> Input records
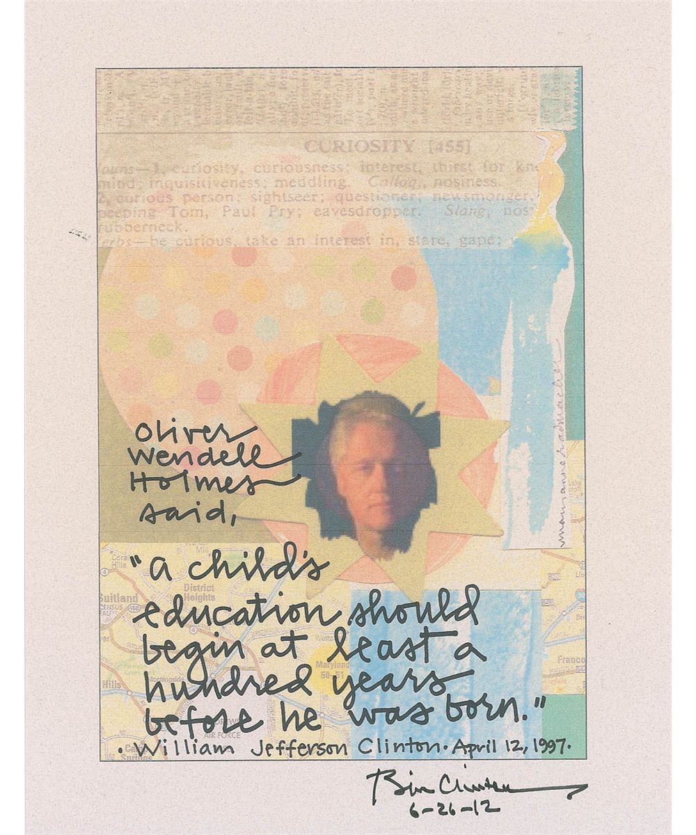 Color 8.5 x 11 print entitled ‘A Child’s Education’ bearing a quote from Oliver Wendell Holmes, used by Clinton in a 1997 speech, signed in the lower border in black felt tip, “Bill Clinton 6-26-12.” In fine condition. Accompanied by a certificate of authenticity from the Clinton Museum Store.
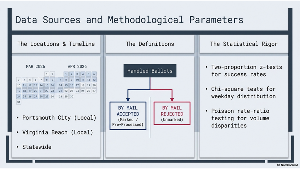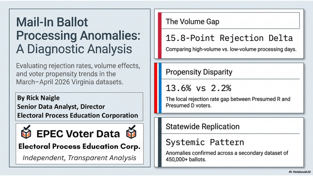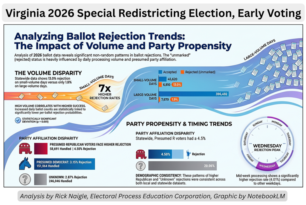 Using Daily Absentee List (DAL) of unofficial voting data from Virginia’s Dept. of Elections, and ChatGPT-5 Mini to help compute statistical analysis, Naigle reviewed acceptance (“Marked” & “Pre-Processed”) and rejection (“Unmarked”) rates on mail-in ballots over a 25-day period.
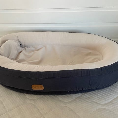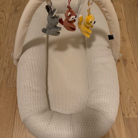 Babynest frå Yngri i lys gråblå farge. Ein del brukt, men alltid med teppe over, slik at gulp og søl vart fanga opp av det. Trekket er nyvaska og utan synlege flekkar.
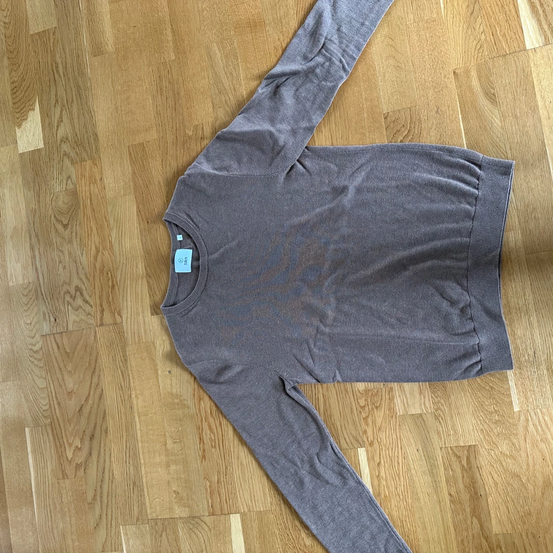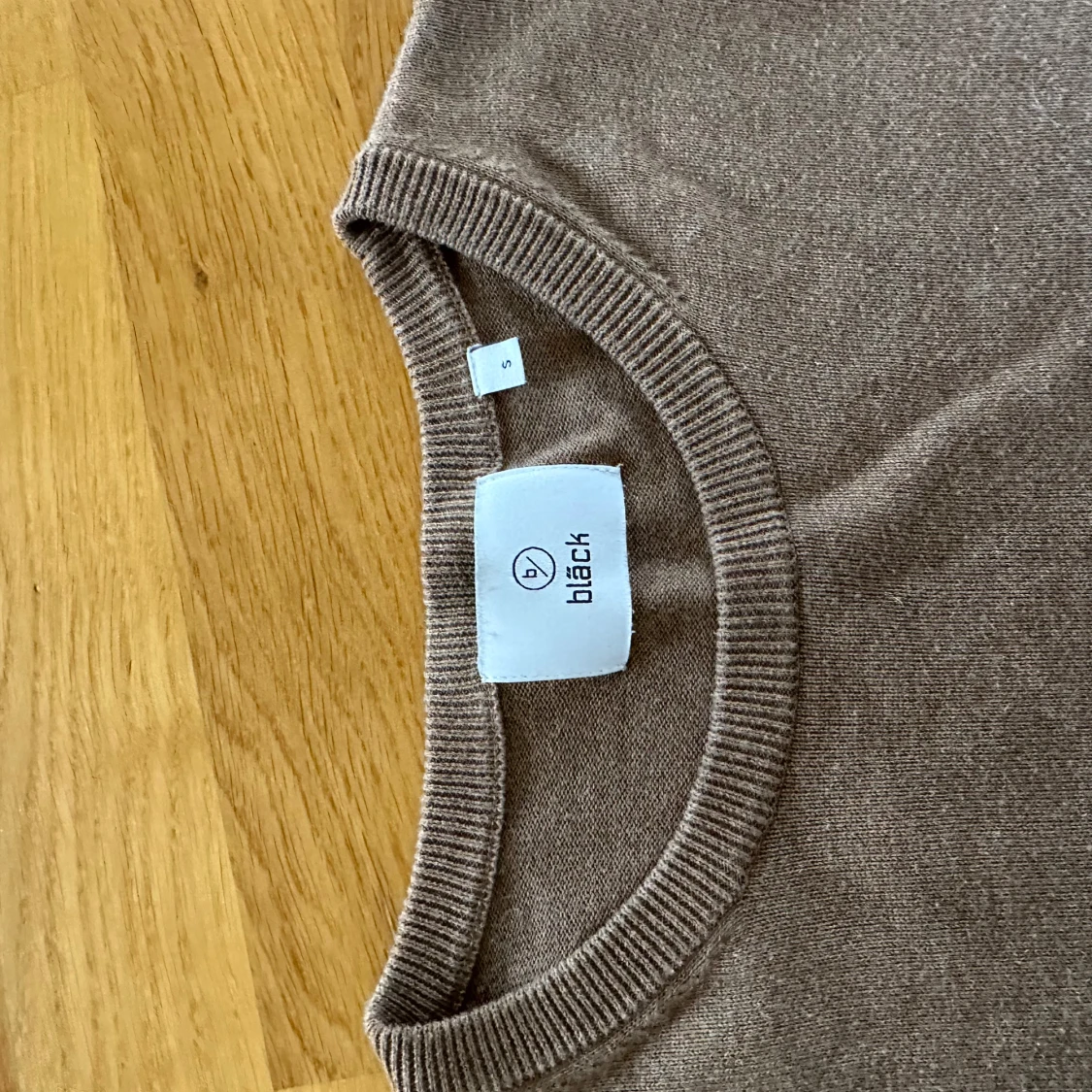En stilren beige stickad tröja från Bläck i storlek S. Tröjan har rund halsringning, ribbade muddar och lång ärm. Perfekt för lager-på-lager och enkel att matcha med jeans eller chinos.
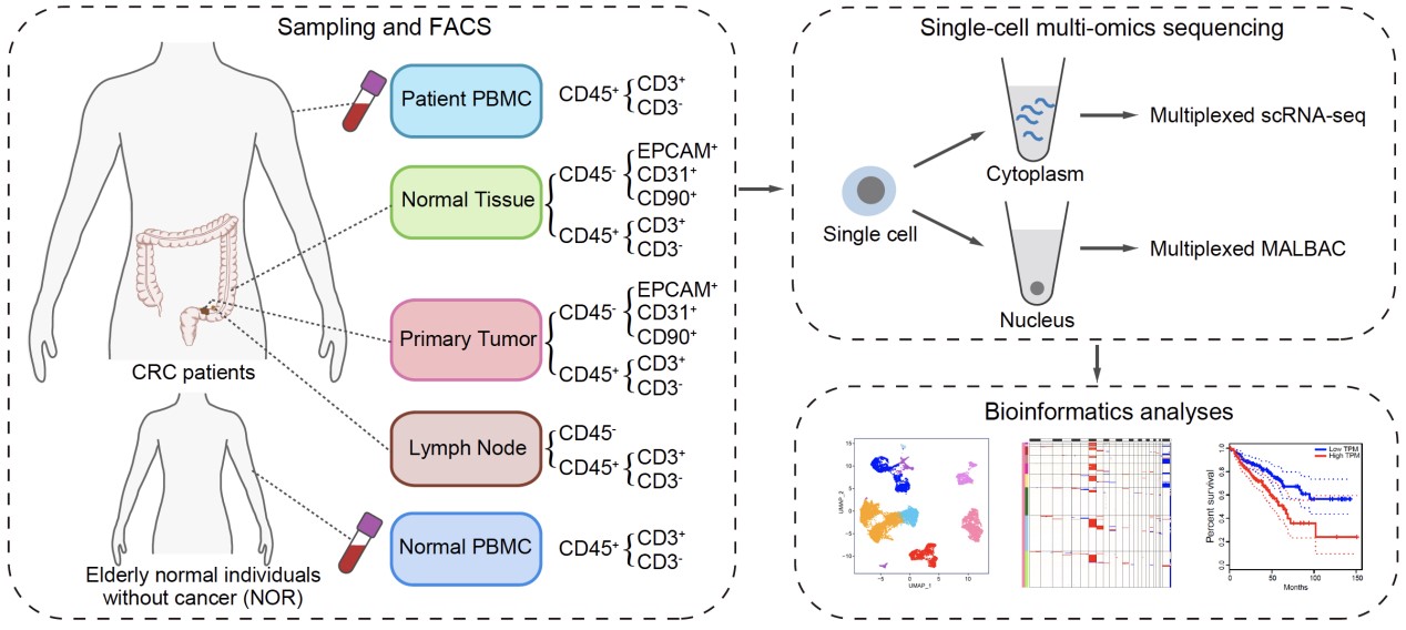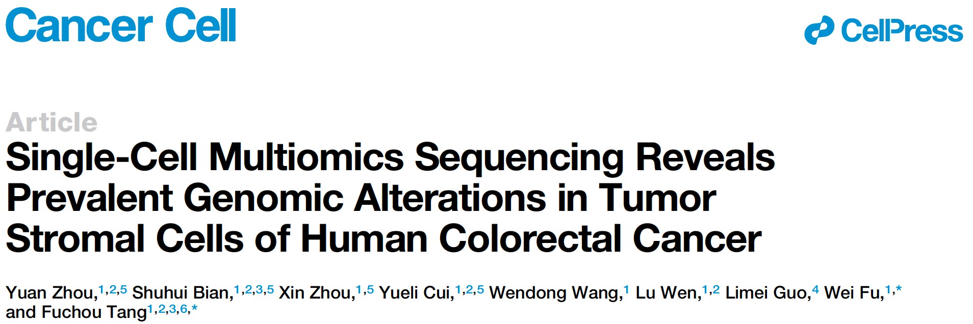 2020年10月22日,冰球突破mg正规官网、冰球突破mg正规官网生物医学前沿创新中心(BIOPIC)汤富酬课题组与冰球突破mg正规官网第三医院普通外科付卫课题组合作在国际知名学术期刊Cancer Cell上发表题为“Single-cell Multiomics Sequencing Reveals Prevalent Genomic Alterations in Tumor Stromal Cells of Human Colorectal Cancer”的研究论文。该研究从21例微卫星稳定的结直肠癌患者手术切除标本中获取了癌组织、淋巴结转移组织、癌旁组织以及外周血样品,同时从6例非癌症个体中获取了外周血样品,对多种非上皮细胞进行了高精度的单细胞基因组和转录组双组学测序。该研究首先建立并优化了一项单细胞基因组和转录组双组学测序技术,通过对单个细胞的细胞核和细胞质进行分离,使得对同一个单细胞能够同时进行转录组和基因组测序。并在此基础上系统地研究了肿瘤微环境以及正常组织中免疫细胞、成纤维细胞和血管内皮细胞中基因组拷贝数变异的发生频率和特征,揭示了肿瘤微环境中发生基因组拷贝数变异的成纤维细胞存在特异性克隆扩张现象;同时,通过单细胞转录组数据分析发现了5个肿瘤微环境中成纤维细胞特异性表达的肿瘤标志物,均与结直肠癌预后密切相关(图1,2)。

> Your instructions
The lines from the one containing "Babynest frå Yngri" through the last line above are to be repeated exactly, and only those. Any pictures must be left out.

> Response to this exercise
 Babynest frå Yngri i lys gråblå farge. Ein del brukt, men alltid med teppe over, slik at gulp og søl vart fanga opp av det. Trekket er nyvaska og utan synlege flekkar.
En stilren beige stickad tröja från Bläck i storlek S. Tröjan har rund halsringning, ribbade muddar och lång ärm. Perfekt för lager-på-lager och enkel att matcha med jeans eller chinos.
 2020年10月22日,冰球突破mg正规官网、冰球突破mg正规官网生物医学前沿创新中心(BIOPIC)汤富酬课题组与冰球突破mg正规官网第三医院普通外科付卫课题组合作在国际知名学术期刊Cancer Cell上发表题为“Single-cell Multiomics Sequencing Reveals Prevalent Genomic Alterations in Tumor Stromal Cells of Human Colorectal Cancer”的研究论文。该研究从21例微卫星稳定的结直肠癌患者手术切除标本中获取了癌组织、淋巴结转移组织、癌旁组织以及外周血样品,同时从6例非癌症个体中获取了外周血样品,对多种非上皮细胞进行了高精度的单细胞基因组和转录组双组学测序。该研究首先建立并优化了一项单细胞基因组和转录组双组学测序技术,通过对单个细胞的细胞核和细胞质进行分离,使得对同一个单细胞能够同时进行转录组和基因组测序。并在此基础上系统地研究了肿瘤微环境以及正常组织中免疫细胞、成纤维细胞和血管内皮细胞中基因组拷贝数变异的发生频率和特征,揭示了肿瘤微环境中发生基因组拷贝数变异的成纤维细胞存在特异性克隆扩张现象;同时,通过单细胞转录组数据分析发现了5个肿瘤微环境中成纤维细胞特异性表达的肿瘤标志物,均与结直肠癌预后密切相关(图1,2)。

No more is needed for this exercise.